6. Reaffirmation; Reference to Loan Agreement; No Waiver.
(a) Reaffirmation. Borrower acknowledges and agrees that: (i) all of its Obligations and liabilities under the Loan Agreement, as amended hereby, are and shall be valid and enforceable and shall not be impaired or limited by the execution or effectiveness of this Amendment; and (ii) the first priority perfected security interests and Liens and rights in the collateral securing payment of the Obligations are hereby ratified and confirmed by Borrower in all respects (in each case, subject only to Permitted Liens).
(b) References. Upon the effectiveness of this Amendment, each reference in the Loan Agreement to “this Agreement,” “hereunder,” “hereof,” “herein” or words of like import shall mean and be a reference to the Loan Agreement, as amended hereby. The term “Loan Documents” as defined in Section 13.1 of the Loan Agreement shall include (in addition to the Loan Documents described in the Loan Agreement) this Amendment and the Transaction Documents.

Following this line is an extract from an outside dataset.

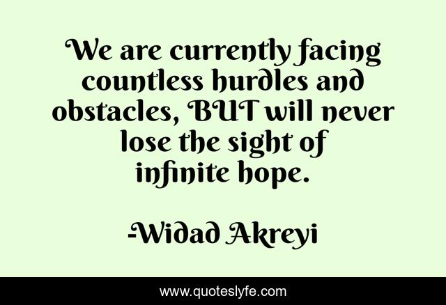 This page presents the quote "We are currently facing countless hurdles and obstacles, BUT will never lose the sight of infinite hope.". Author of this quote is Widad Akreyi. This quote is about hurdles, violence, inspirational, motivational, human-rights, violence-against-women, peace, confidence, widad-akrawi,.
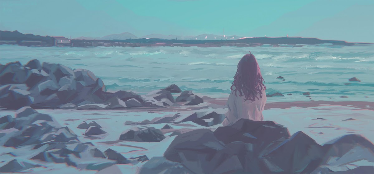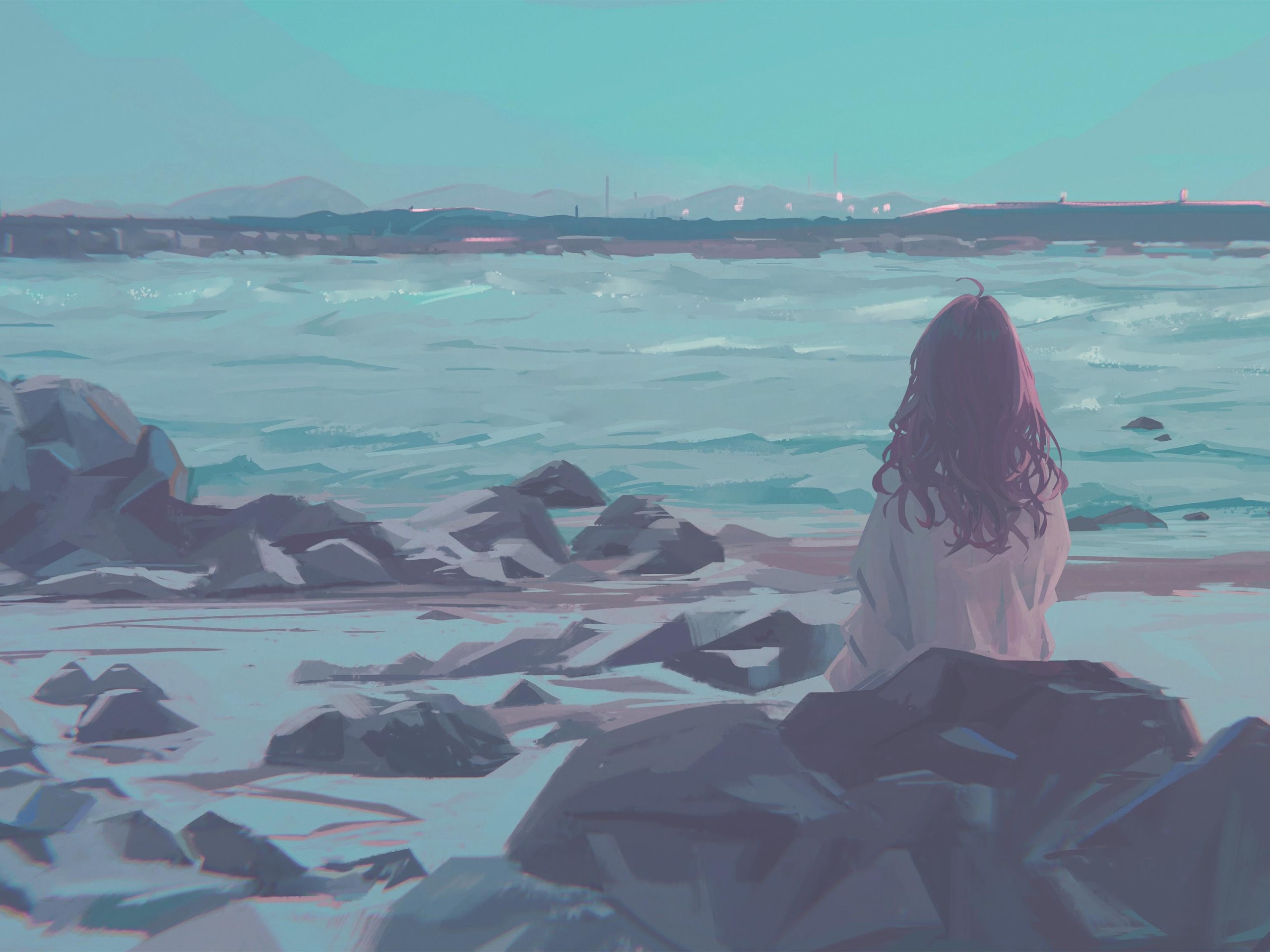 Seascape, Coastal Art, Digital Painting, Lonely Girl 4K Desktop and Mobile Wallpaper Background with a maximum resolution of 4860x2263 px.

(c) No Waiver. Bank’s failure, at any time or times hereafter, to require strict performance by Borrower of any provision or term of the Loan Agreement, this Amendment or the Loan Documents shall not waive, affect or diminish any right of Bank hereafter to demand strict compliance and performance herewith or therewith. Any suspension or waiver by Bank of a breach of this Amendment or any Default or Event of Default under the Loan Agreement shall not, except as expressly set forth in a writing signed by Bank, suspend, waive or affect any other breach of this Amendment or any Default or Event of Default under the Loan Agreement, whether the same is prior or subsequent thereto and whether of the same or of a different kind or character. None of the undertakings, agreements, warranties, covenants and representations of Borrower contained in this Amendment, shall be deemed to have been suspended or waived by Bank unless such suspension or waiver is (i) in writing and signed by Bank and (ii) delivered to Borrower. In no event shall Bank’s execution and delivery of this Amendment establish a course of dealing among Bank, Borrower or any other obligor, or in any other way obligate Bank to hereafter provide any consents, amendments or waivers with respect to the Loan Agreement. The terms and provisions of this Amendment shall be limited precisely as written and shall not be deemed (x) to be a consent to any amendment or modification of any other term, provision or condition of the Loan Agreement or of any of the Loan Documents (except as expressly provided herein); or (y) to prejudice any right or remedy which Bank may now have under or in connection with the Loan Agreement or any of the Loan Documents.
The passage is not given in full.